EX-5.1 2 g99152exv5w1.htm OPINION OF ALSTON & BIRD AS TO THE LEGALITY OF THE SECURITIES Opinion of Alston & Bird re: legality of securitie
 

Exhibit 5.1
Alston&Bird llp
One Atlantic Center
1201 West Peachtree Street
Atlanta, Georgia 30309-3424
404-881-7000
Fax: 404-881-7777
www.alston.com
January 13, 2006
Seacoast Banking Corporation of Florida
815 Colorado Avenue
Stuart, Florida 34994
     
Re:
  Registration Statement on Form S-4 with respect to 1,775,000 shares of
 
  Seacoast Banking Corporation of Florida common stock
Ladies and Gentlemen:
     We have acted as counsel to Seacoast Banking Corporation of Florida (“Seacoast”) in connection with the Registration Statement on Form S-4 (the “Registration Statement”) filed by Seacoast on the date hereof with the Securities and Exchange Commission (the “Commission”) for registration under the Securities Act of 1933, as amended (the “Securities Act”), of approximately 1,775,000 shares of Seacoast’s $0.10 par value common stock (the “Shares”), to be issued in consideration of all of the outstanding shares of $0.01 par value common stock of Big Lake Financial Corporation (“Big Lake”), including all of the outstanding shares of Big Lake Series A $0.01 par value preferred stock which will automatically convert, according to its terms, on a one-for-one basis into Big Lake common stock at the Effective Time, pursuant to that certain Agreement and Plan of Merger dated as of November 22, 2005 by and between Seacoast and Big Lake (the “Agreement”).
     We have examined the Articles of Incorporation of Seacoast, the Bylaws of Seacoast, the Agreement and the records of proceedings of the Board of Directors of Seacoast deemed by us to be relevant to this opinion, and the Registration Statement.
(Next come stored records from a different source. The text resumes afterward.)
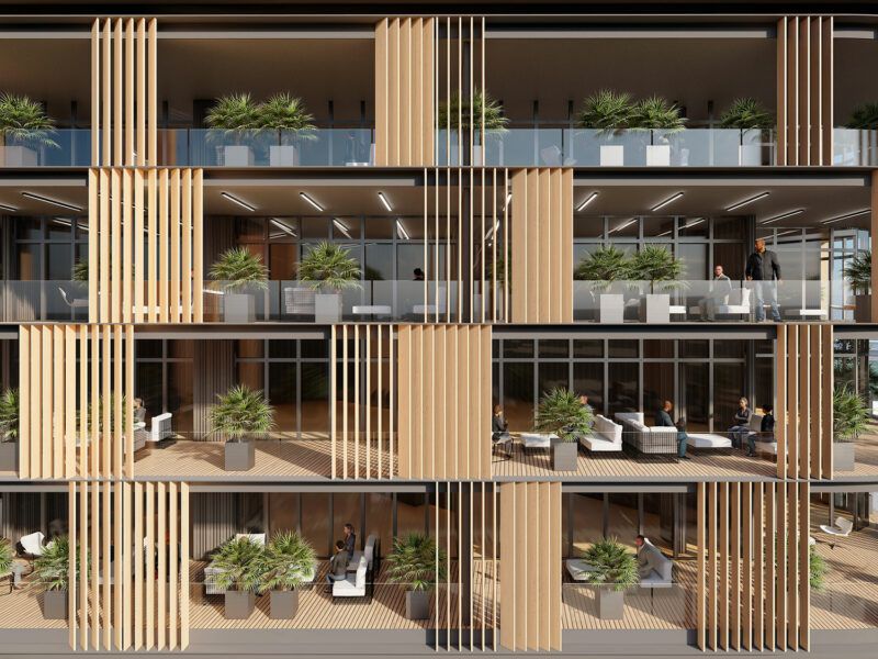 La double façade des bâtiments permettra donc de protéger les espaces intérieurs des rayons du soleil de façon naturelle et modulable, facilitant ainsi l’évacuation naturelle de l’air chaud et la libre circulation des vents dominants le long des balcons.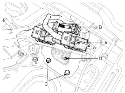4. Remove the ECM & TCM bracket installation bolts (C) and nut (D).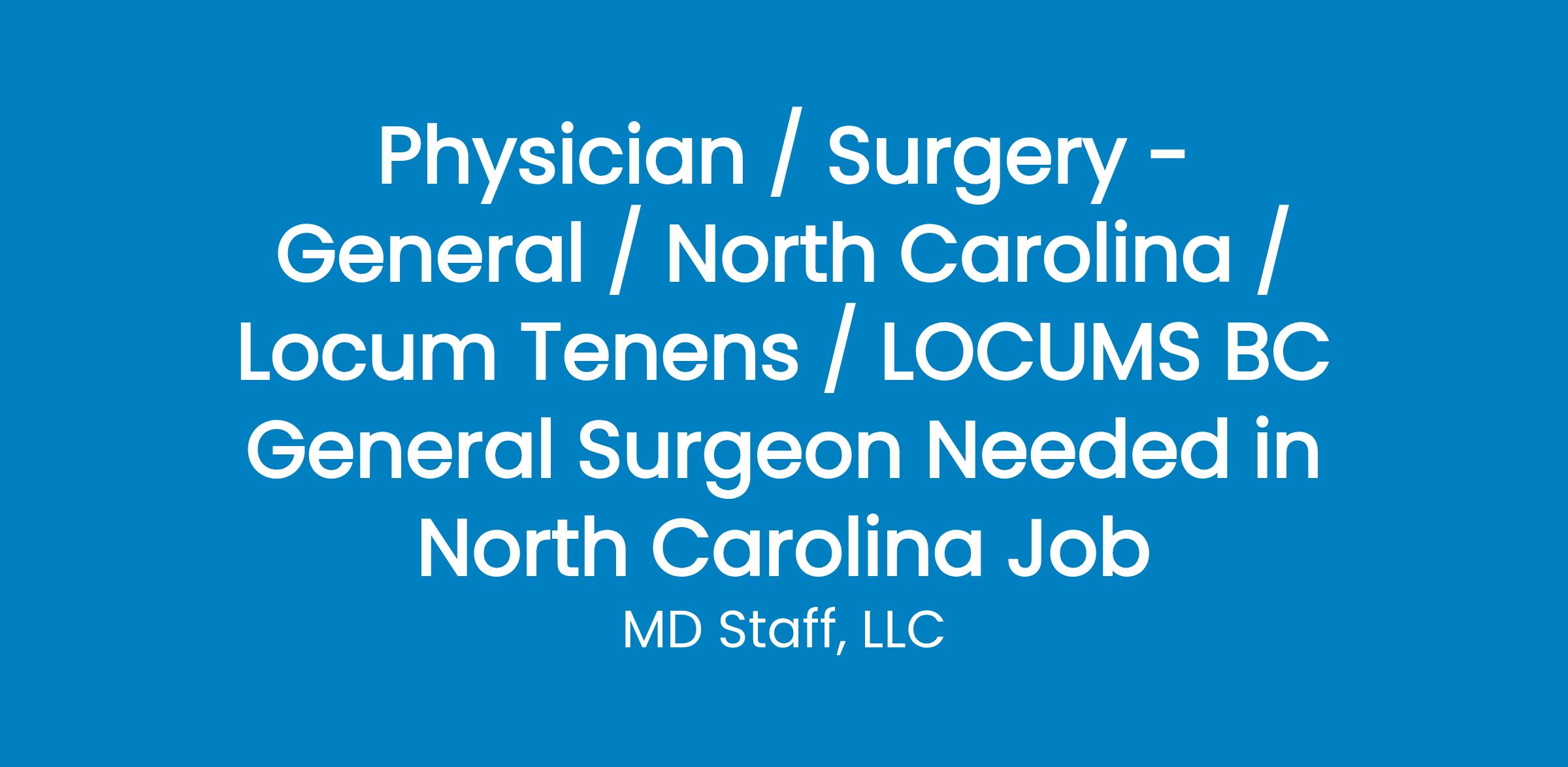 Locum Tenens General Surgeon Opportunity in a Charming Southeastern State Are you a Board Certified General Surgeon seeking a locum tenens opportunity in a picturesque southeastern state? We have a temporary position available, and we invite you to join our team in providing coverage at a well-regarded healthcare facility in North Carolina. Job Details: Specialty: General Surgery Candidate Type: MD, DO Visa Accepted: No J-1 or H-1B Salary Range: Not Specified Loan Repayment: Not Specified Employment Type: Locum Tenens Bonuses Offered: None The average number of patients seen per provider per day is 7-8, with 1-2 admissions per day and 1-2 admissions at night. Expect approximately 50 surgical cases per month. You will not be responsible for responding to codes or serving as backup in the ER. Procedures required for this position include appendectomy, strangulated hernias, cholecystectomy, I&Ds, and procedures that will be emergencies. Additional Information: Electronic Medical Record (EMR): EPIC (HealthSpan) Conveniently located near the charming town of Littleton, NC If this locum tenens General Surgeon opportunity in North Carolina, interests you, please reach out to us for more information. For inquiries, you can call or text MD Staff at or contact us via email at . Please reference Job ID . Join our team and experience the rewarding environment in this southeastern state!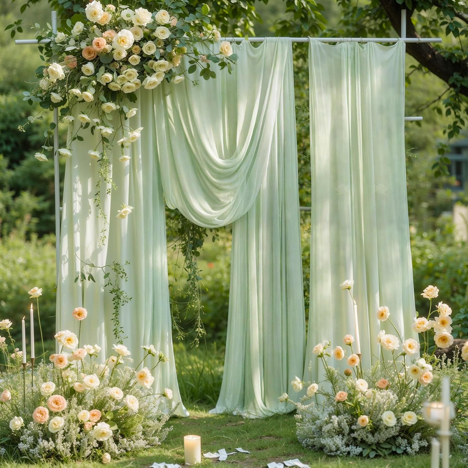Wedding Arch Draping Fabric,1 Panel 18FT Sage Green Arch Backdrop Drapes Chiffon Fabric Drapes Arbor Drapery for Wedding Ceremony Reception Swag Decorations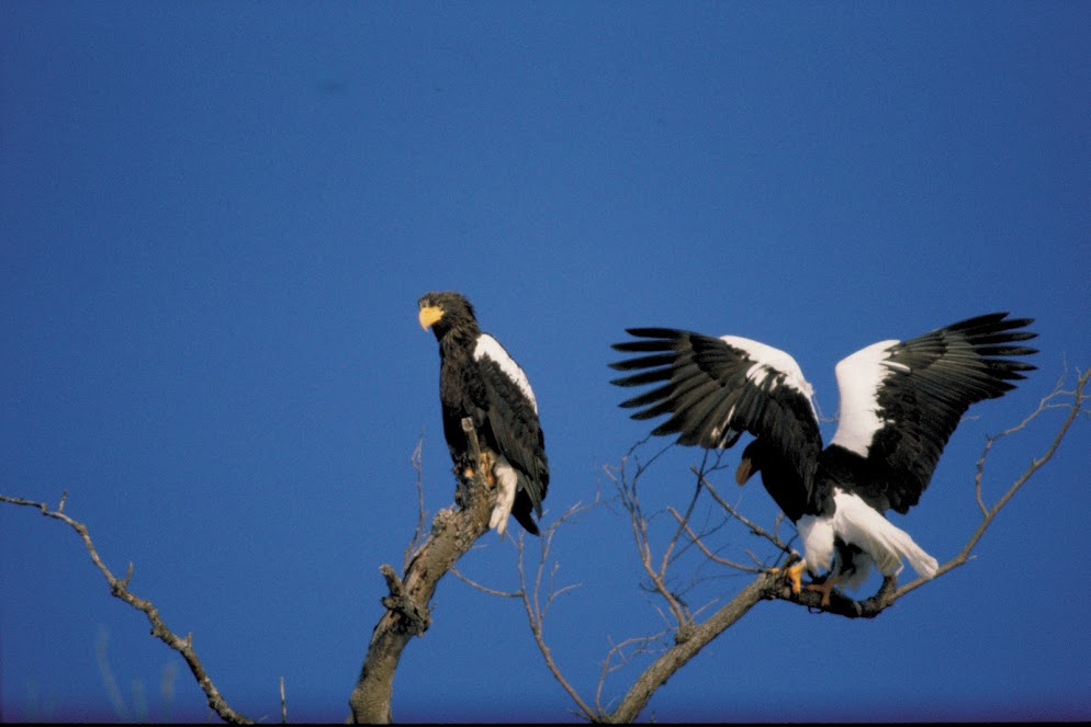 Noter que la région des 5 lacs peut-être visitée aussi l’hiver, pour observer notamment des espèces rares comme le Pygargue empereur, l’un des plus grands rapaces au monde vivant visible seulement dans les régions du monde situées près du détroit de Béring.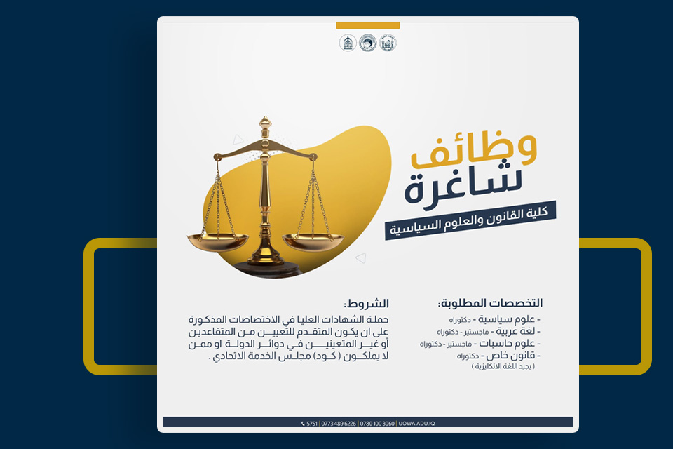 The University of Warith Al-Anbiyaa (PBUH), the College of Law and Political Science, announces its need for job positions in order to fulfil its long-term goals and bolster its teaching staff.

We also have made such further legal and factual examinations and investigations as we deemed necessary for purposes of expressing the opinion set forth herein.
     As to certain factual matters relevant to this opinion, we have relied upon originals or copies, certified or otherwise identified to our satisfaction, of such other records, agreements, documents and instruments, including certificates or comparable documents of officers of Seacoast and of public officials, as we have deemed appropriate as a basis for the opinion hereinafter set forth. Except to the extent expressly set forth herein, we have made no independent investigations with regard to matters of fact, and,
(LOCATIONS)

 


 

Seacoast Banking Corporation of Florida
January 13, 2006
Page 2
accordingly, we do not express any opinion as to matters that might have been disclosed by independent verification.
          Based upon the foregoing, it is our opinion that:
  1.   Seacoast is a corporation duly incorporated and validly existing in good standing under the laws of the State of Florida; and
 
  2.   The Shares are duly authorized and, when issued by Seacoast in accordance with the terms of the Agreement, will be legally and validly issued, fully paid and nonassessable.
          Our opinion is limited to the laws of the State of Georgia. This opinion is limited to the matters expressly opined on herein, and no opinion may be implied or inferred beyond that expressly stated. We have no obligation to update this opinion.
          We consent to the filing of this opinion letter as an exhibit to the Registration Statement, and to the use of our name under the heading “Legal Matters” in the Proxy Statement-Prospectus constituting a part thereof. In giving such consent, we do not thereby admit that we are within the category of persons whose consent is required under Section 7 of the Securities Act or the Commission’s rules and regulations.